** Given data follows **
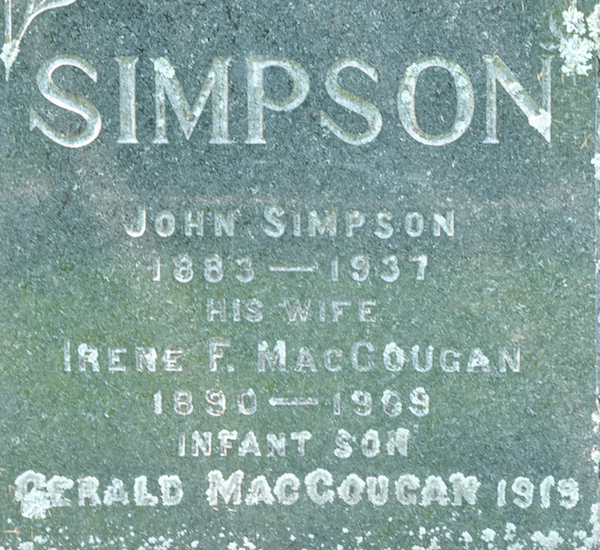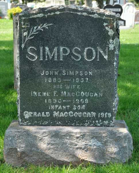 | Burial | She was buried in Peoples Cemetery; stone #35, Malpeque, Prince County, Prince Edward Island, Canada, 46.52997, -63.68671G. Inscription: SIMPSON / John Simpson / 1883 - 1937 / His Wife / Irene F. MacGougan / 1890 - 1989 / Infant Son / Gerald MacGougan - 1919.1 Tombstone, John Simpson (1883-1937), his wife Irene F. MacGougan (1890-1989), their son Gerald MacGougan Simpson (- 1919). Peoples Cemetery, Malpeque, Prince County, Prince Edward Island, Canada.  Inscription detail. |
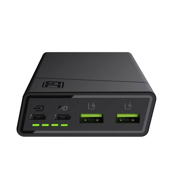Green Cell Power Bank Lithium Polymer (LiPo) 20000 mAh, 2 USB-A, 2 USB-C, Black
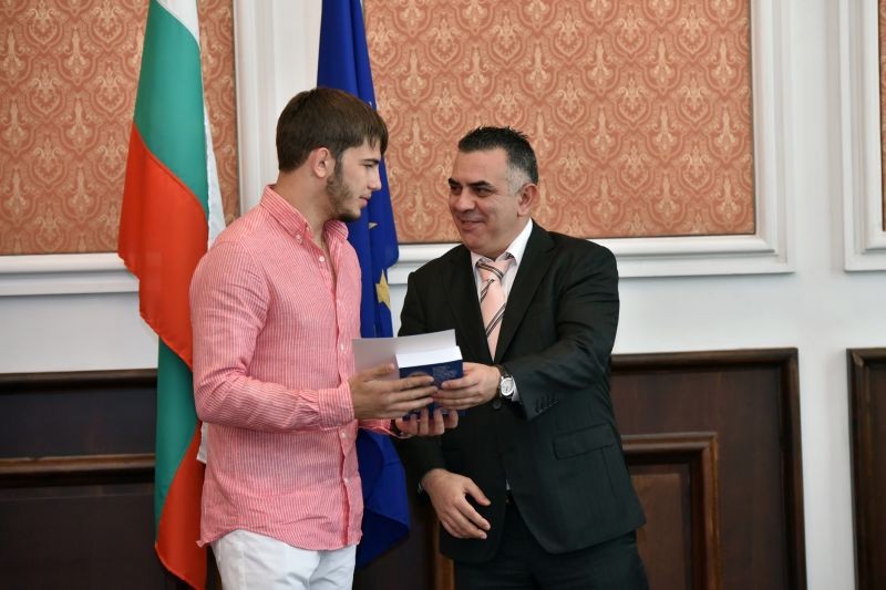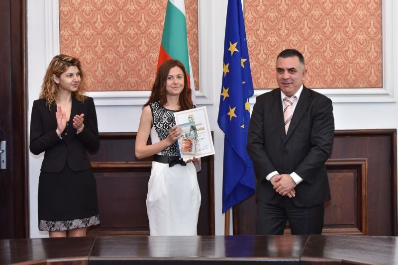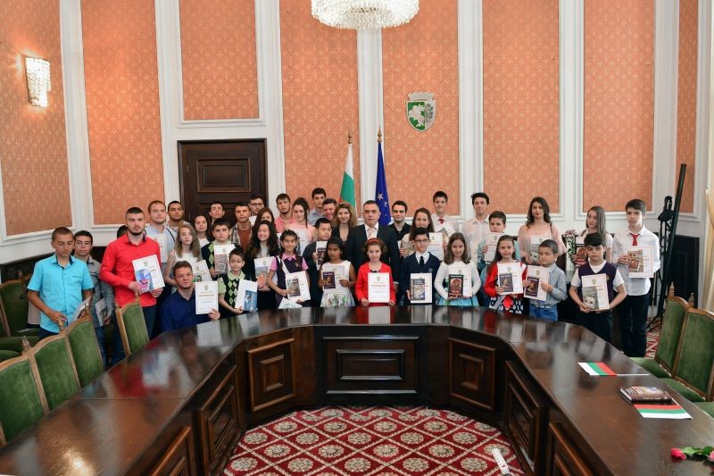 В официалната зала на община Сливен кметът Стефан Радев и неговите заместници Пепа Чиликова и Стоян Марков посрещнаха ученици, носители на награди от национални и международни състезания и конкурси. Отличниците получиха грамота и книга от български автори с посланието: "Вселената се осветява от слънцето – човек от знанието." /В прикачения файл има списък с имената и постиженията на отличените ученици/.
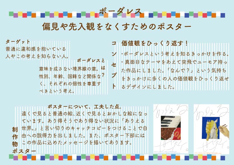 先入観をなくすことをポップに表現しました。タイトルとイラストのギャップで価値観をひっくり返すデザインにしました。
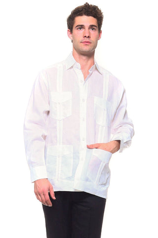 Mojito Men's 100% Linen Four-Pocket Long Sleeve Guayabera Shirt
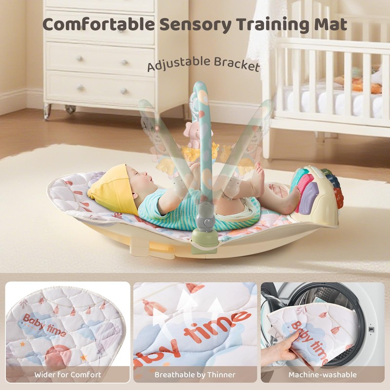 - All-in-One Baby Activity Center: This multi-functional lying training baby play gym , featuring a stable frame, breathable mat, four hanging sensory toys, and detachable musical piano toy.The eggshell-shaped support surface, which conforms to ergonomic principles, protects the baby's back. It operates silently and rhythmically, and can quickly soothe a restless baby
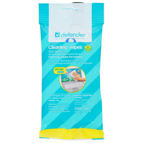 Набор Defender CLN30202 – универсальное решение для ухода за глянцевыми экранами LCD/TFT, плазменными панелями, сканерами и другими гладкими покрытиями. Влажные салфетки эффективно и бережно устраняют различные загрязнения со стеклянных поверхностей. Благодаря мягкому материалу салфетки не повреждают поверхность. Специальный состав чистящего средства не оставляет разводов и устраняет статическое электричество. Defender CLN30202 поставляется в практичной упаковке, содержащей 20 салфеток одноразового использования.
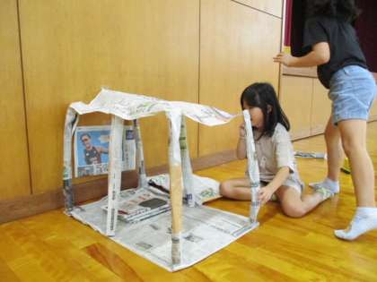 友達と協力しながら、夢中になってつくっていると、あちこちでいろいろな作品ができてきました。弓矢、剣、おうち、恐竜などダイナミックな作品が多いです。新聞紙を身につけて楽しむ姿も見られました。
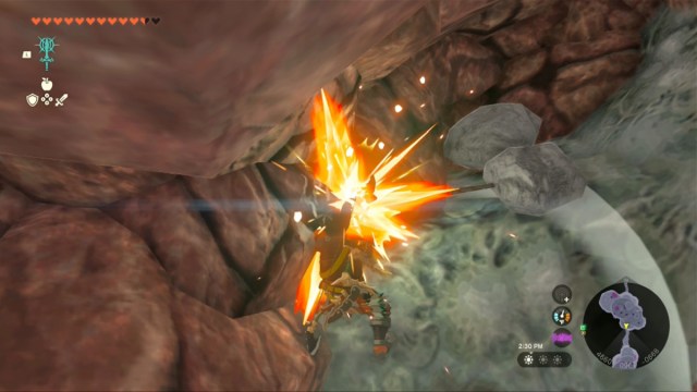 それぞれが弱い岩でブロックされたトンネルで接続されている島を通り続けます。スマッシングが必要な石の数があるため、私はあなたがクリアするまでこの領域を避けることをお勧めします火の寺院。耐久性のある青い岩でブロックされた最後のトンネルを通るトレジャーチェストプラットフォームの中心で。パラグライダーを使用してそこに降りて、プラットフォームに着地します。
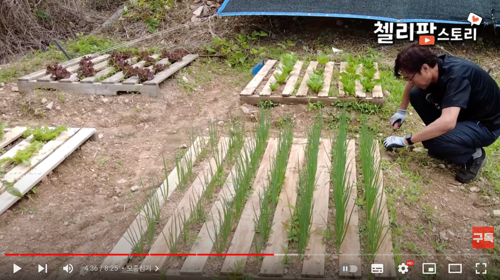 유튜브에 팔레트를 이용한 텃밭을 만들어보자는 영상을 봤다. 팔레트는 농사에 꽤 다양한 용도로 활용되고 있는데 보통은 틀밭 제작으로 많이 사용된다. 그런데 이 영상에서는 팔레트 빈 공간에 흙은 채우고 그곳에 작물을 심는다. 작물 사이의 간격도 유지해주고 풀도 잡아주는 효과도 있어서 작은 텃밭에는 괜찮은 아이디어라는 생각이 들었다.
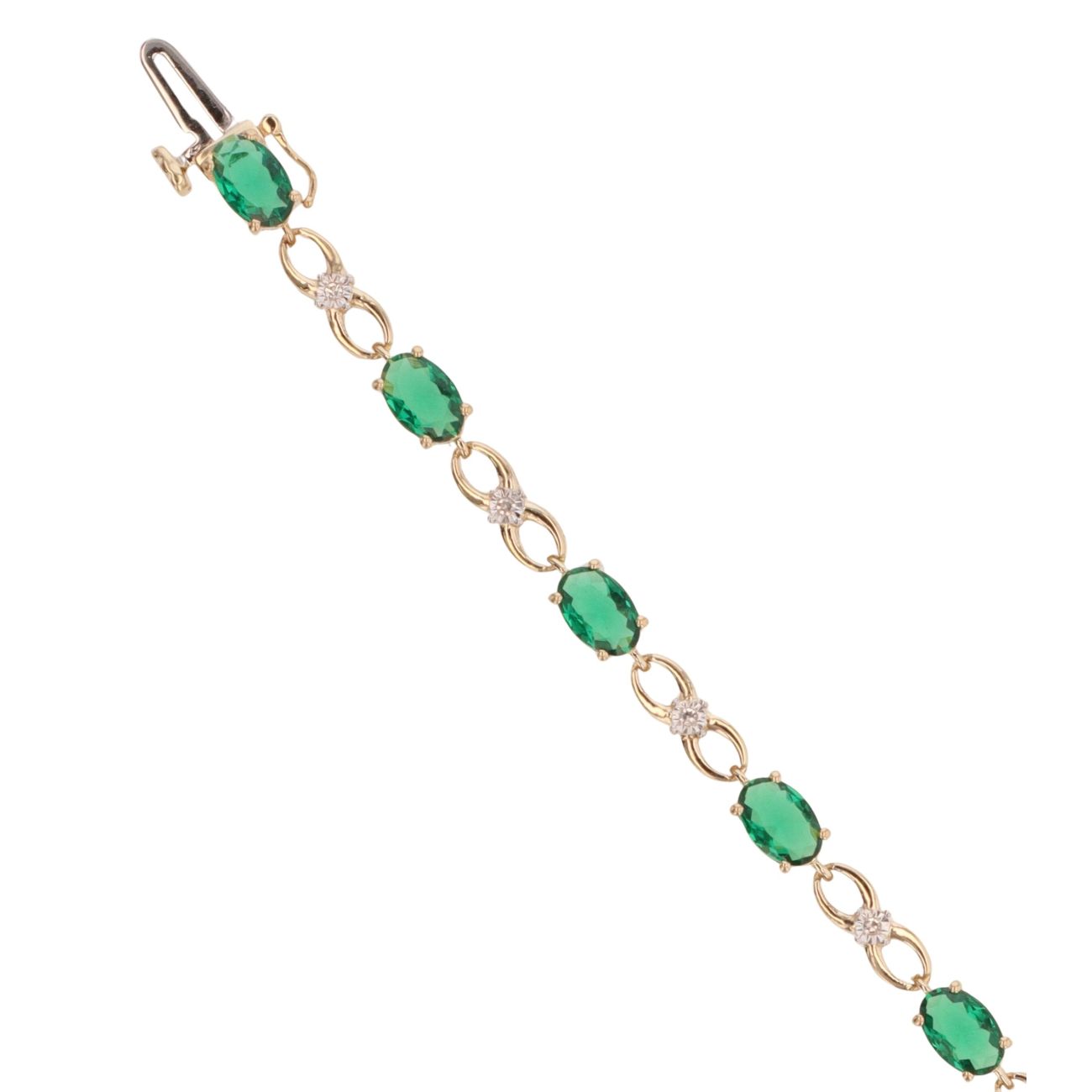 9ct Yellow Gold 0.06ct Diamond And Created Emerald Bracelet 7"
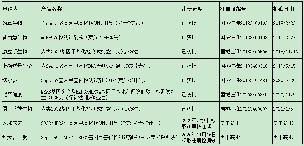 早筛网讯:1月13日,据国家药品监督管理局政务服务门户网站消息,厦门艾德生物“人类SDC2基因甲基化检测试剂盒(荧光PCR法)”正式获批。据艾德生物官方微信消息,该试剂盒商品名为“畅青松”,主要用于肠癌早期发现,可居家采样2.5g,3个自然日出报告。 癌症早筛毫无疑问是近两年分子诊断/液体活检领域最热门的赛道之一,有大量的企业布局癌症早筛这个赛道。而其中肠癌因为其明确的早筛临床意义,以及相对成熟的技术路径,目前相对其他癌种的早筛产品走的更快。其中一个参照标准是医疗器械注册证的获批情况。目前,除了刚获批的艾德生物的试剂盒以外,还有哪些肠癌早期检测相关的试剂盒(获批用途可能不一致)呢?小编通过查询NMPA官网梳理了以下信息,供各位读者参考:
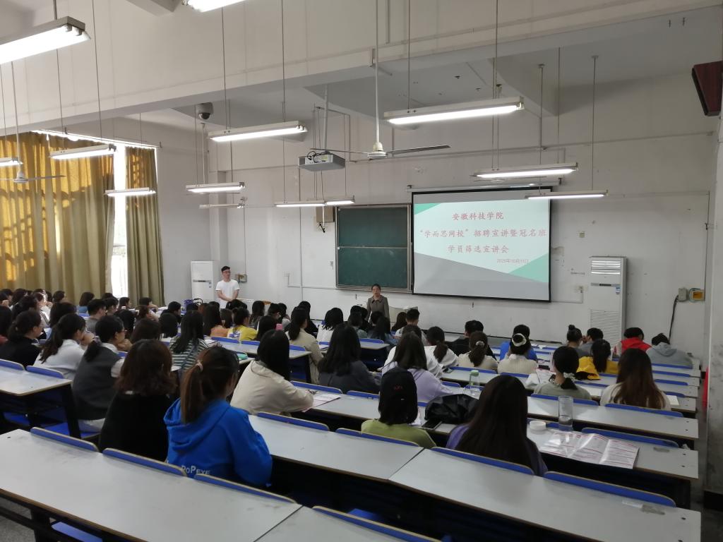 为帮助同学们提前了解在线教育行业的发展现状和未来职业能力需要,加深对教育行业的认识。外国语学院于10月11日下午15点在求A106教室举行了三亿网页版“学而思网校”招聘宣讲暨冠名班学员筛选宣讲会,特邀中国好未来教育旗下“学而思网校”合肥校区安徽地区负责人武嘉豪经理做宣讲,招聘经理蔺一峰、张旭、张译丹参会,学院党总支书记蔡为青、专职辅导员宋兵兵出席本次宣讲会,学院17、18、19、20级部分同学参会,本次宣讲会由宋兵兵主持。
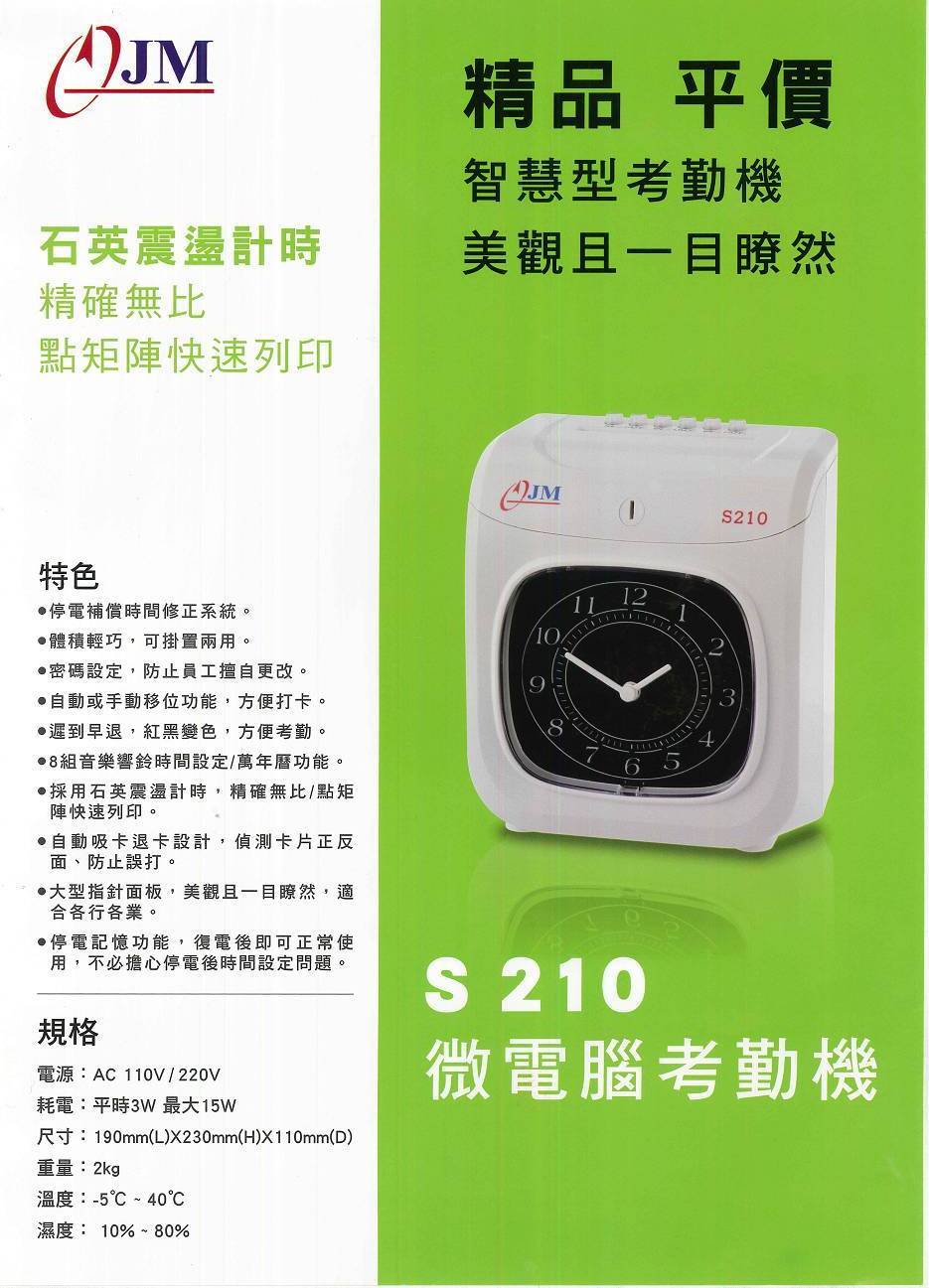 JM打卡鐘-->JM S-210商品查詢代碼:QK45629
** End of Given data **
> [What this task involves] Without changing a word, retype the data above and omit its pictures.

> [Result of this task]
 | Burial | She was buried in Peoples Cemetery; stone #35, Malpeque, Prince County, Prince Edward Island, Canada, 46.52997, -63.68671G. Inscription: SIMPSON / John Simpson / 1883 - 1937 / His Wife / Irene F. MacGougan / 1890 - 1989 / Infant Son / Gerald MacGougan - 1919.1 Tombstone, John Simpson (1883-1937), his wife Irene F. MacGougan (1890-1989), their son Gerald MacGougan Simpson (- 1919). Peoples Cemetery, Malpeque, Prince County, Prince Edward Island, Canada.  Inscription detail. |
Green Cell Power Bank Lithium Polymer (LiPo) 20000 mAh, 2 USB-A, 2 USB-C, Black
 В официалната зала на община Сливен кметът Стефан Радев и неговите заместници Пепа Чиликова и Стоян Марков посрещнаха ученици, носители на награди от национални и международни състезания и конкурси. Отличниците получиха грамота и книга от български автори с посланието: "Вселената се осветява от слънцето – човек от знанието." /В прикачения файл има списък с имената и постиженията на отличените ученици/.
 先入観をなくすことをポップに表現しました。タイトルとイラストのギャップで価値観をひっくり返すデザインにしました。
 Mojito Men's 100% Linen Four-Pocket Long Sleeve Guayabera Shirt
 - All-in-One Baby Activity Center: This multi-functional lying training baby play gym , featuring a stable frame, breathable mat, four hanging sensory toys, and detachable musical piano toy.The eggshell-shaped support surface, which conforms to ergonomic principles, protects the baby's back. It operates silently and rhythmically, and can quickly soothe a restless baby
 Набор Defender CLN30202 – универсальное решение для ухода за глянцевыми экранами LCD/TFT, плазменными панелями, сканерами и другими гладкими покрытиями. Влажные салфетки эффективно и бережно устраняют различные загрязнения со стеклянных поверхностей. Благодаря мягкому материалу салфетки не повреждают поверхность. Специальный состав чистящего средства не оставляет разводов и устраняет статическое электричество. Defender CLN30202 поставляется в практичной упаковке, содержащей 20 салфеток одноразового использования.
 友達と協力しながら、夢中になってつくっていると、あちこちでいろいろな作品ができてきました。弓矢、剣、おうち、恐竜などダイナミックな作品が多いです。新聞紙を身につけて楽しむ姿も見られました。
 それぞれが弱い岩でブロックされたトンネルで接続されている島を通り続けます。スマッシングが必要な石の数があるため、私はあなたがクリアするまでこの領域を避けることをお勧めします火の寺院。耐久性のある青い岩でブロックされた最後のトンネルを通るトレジャーチェストプラットフォームの中心で。パラグライダーを使用してそこに降りて、プラットフォームに着地します。
 유튜브에 팔레트를 이용한 텃밭을 만들어보자는 영상을 봤다. 팔레트는 농사에 꽤 다양한 용도로 활용되고 있는데 보통은 틀밭 제작으로 많이 사용된다. 그런데 이 영상에서는 팔레트 빈 공간에 흙은 채우고 그곳에 작물을 심는다. 작물 사이의 간격도 유지해주고 풀도 잡아주는 효과도 있어서 작은 텃밭에는 괜찮은 아이디어라는 생각이 들었다.
 9ct Yellow Gold 0.06ct Diamond And Created Emerald Bracelet 7"
 早筛网讯:1月13日,据国家药品监督管理局政务服务门户网站消息,厦门艾德生物“人类SDC2基因甲基化检测试剂盒(荧光PCR法)”正式获批。据艾德生物官方微信消息,该试剂盒商品名为“畅青松”,主要用于肠癌早期发现,可居家采样2.5g,3个自然日出报告。 癌症早筛毫无疑问是近两年分子诊断/液体活检领域最热门的赛道之一,有大量的企业布局癌症早筛这个赛道。而其中肠癌因为其明确的早筛临床意义,以及相对成熟的技术路径,目前相对其他癌种的早筛产品走的更快。其中一个参照标准是医疗器械注册证的获批情况。目前,除了刚获批的艾德生物的试剂盒以外,还有哪些肠癌早期检测相关的试剂盒(获批用途可能不一致)呢?小编通过查询NMPA官网梳理了以下信息,供各位读者参考:
 为帮助同学们提前了解在线教育行业的发展现状和未来职业能力需要,加深对教育行业的认识。外国语学院于10月11日下午15点在求A106教室举行了三亿网页版“学而思网校”招聘宣讲暨冠名班学员筛选宣讲会,特邀中国好未来教育旗下“学而思网校”合肥校区安徽地区负责人武嘉豪经理做宣讲,招聘经理蔺一峰、张旭、张译丹参会,学院党总支书记蔡为青、专职辅导员宋兵兵出席本次宣讲会,学院17、18、19、20级部分同学参会,本次宣讲会由宋兵兵主持。
 JM打卡鐘-->JM S-210商品查詢代碼:QK45629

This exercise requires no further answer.